Pam, mom, honey, said...

Please remind me what happened, what caused his injury. my brother was 17 when he was riding his bicycle and had a very similar issue, he did not require surgery but was in rehab and did have to learn to walk again. three years later he was again hit by a car and had tramatic brain injury. he never woke up this time and we knew instantly he would not. he did have this surgery. we (mostly my mom) has had the privalege of staying in touch with most of the people who recieved his vital organs when we donated them.

Jo said...

Even though I know he ends up ok, I still can't wait for the next part!!!

Rachel said...

Oooh - those To Be Continueds are just plain mean (just kidding). So glad I know the ending - but the story is such an AMAZING God story - love it!

Tricia said...

I am sitting here with tears streaming down my face.
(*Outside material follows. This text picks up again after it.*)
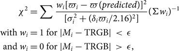 \begin{equation} \begin{array}{l} \quad \quad {\chi ^2} = \sum \frac{{{w_i}{{[{\varpi _i} - \varpi (predicted)]}^2}}}{{[\sigma _i^2 + {{({\delta _i}{\varpi _i}/2.16)}^2}]}}{(\Sigma {w_i})^{ - 1}} \\ with \ {w_i} = 1 \ {\rm{for}}|{M_i} - {\rm{TRGB}}| \lt \epsilon \\ \ and \ {w_i} = 0 \ {\rm{for}}|{M_i} - {\rm{TRGB}}| \gt \epsilon , \\ \end{array} \end{equation}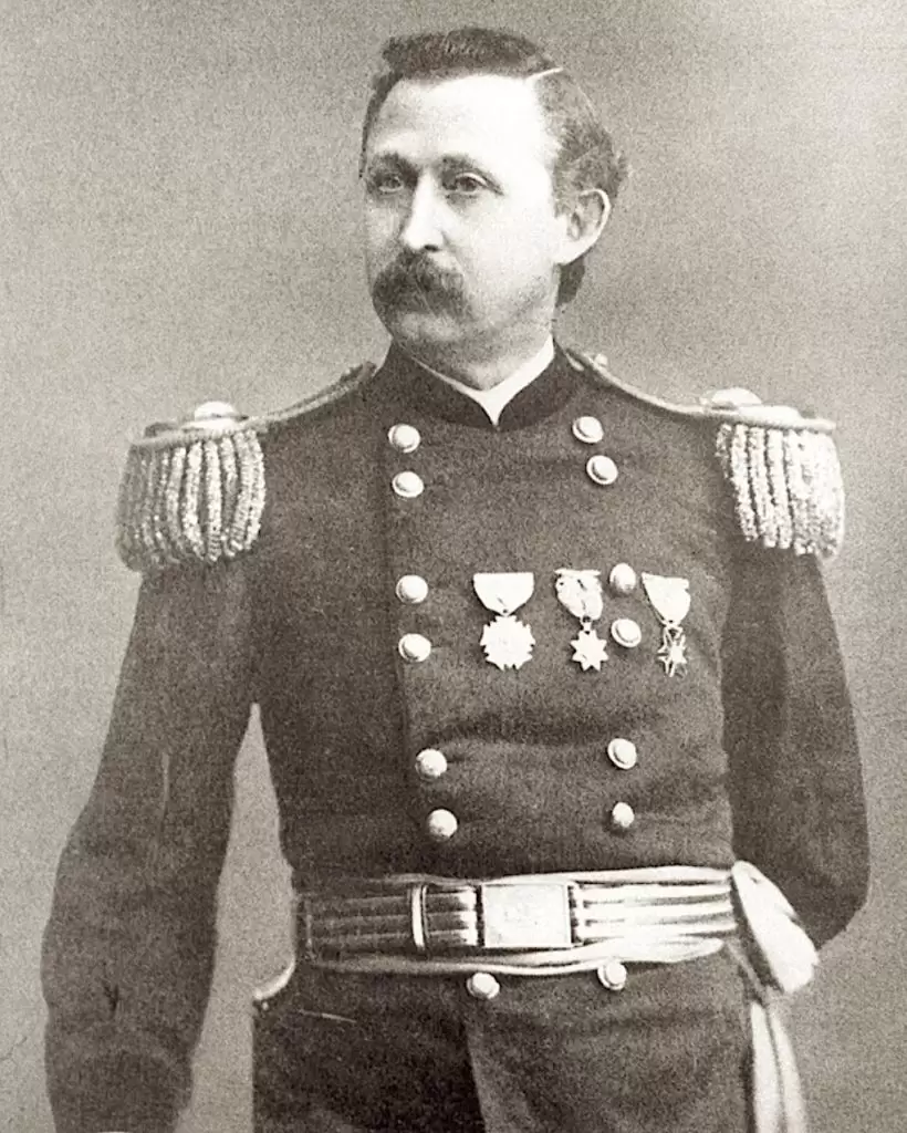 When the Civil War broke out, Kintzing was present at the destruction of the Naval Yard in Norfolk, Virginia, served on board the steamship Roanoke in the Atlantic Blockading Squadron in 1861, and participated in engagements with the Merrimac and at the Sewall’s Point Batteries, Virginia. In 1862, he went to Philadelphia for recruiting service. During his assignment to establish marine barracks at Cairo, Illinois, from 1863-64, he was commissioned lieutenant colonel on June 10, 1864. Kintzing was then assigned to the barracks in Philadelphia and the Mare Island Navy Yard in San Francisco. He was commissioned colonel on December 7, 1867, when he served in Philadelphia, a term lasting until 1877. Subsequent service was at the Brooklyn Navy Yard and a short stint at Norfolk prior to retirement. He last lived at 215 Park Place in Brooklyn, his wife being from a family with longtime roots there. Cirrhosis of the liver caused his death. Section 173, lot 21516, grave 1.

Earlier this evening, my Butterfly asked if she could read your blog. I said yes, thinking that, even though I hadn't completely read through it, any blog that I turn my music off to listen to theirs must be good. She called into the kitchen, "MOM! Gavin's husband has a brain injury!" I knew she was talking about Gavin's dad and let the slip go. Reading about him being OK gave her hope that she will eventually be 100% better. It also stressed her, somehow in an unexplainable TBI kind of way, so I made her quit reading for the day. Her initial injury was no where near as bad. I guess I don't even really know what I am trying to say. Your blog had already touched my heart and I was praying for your family. Thank you.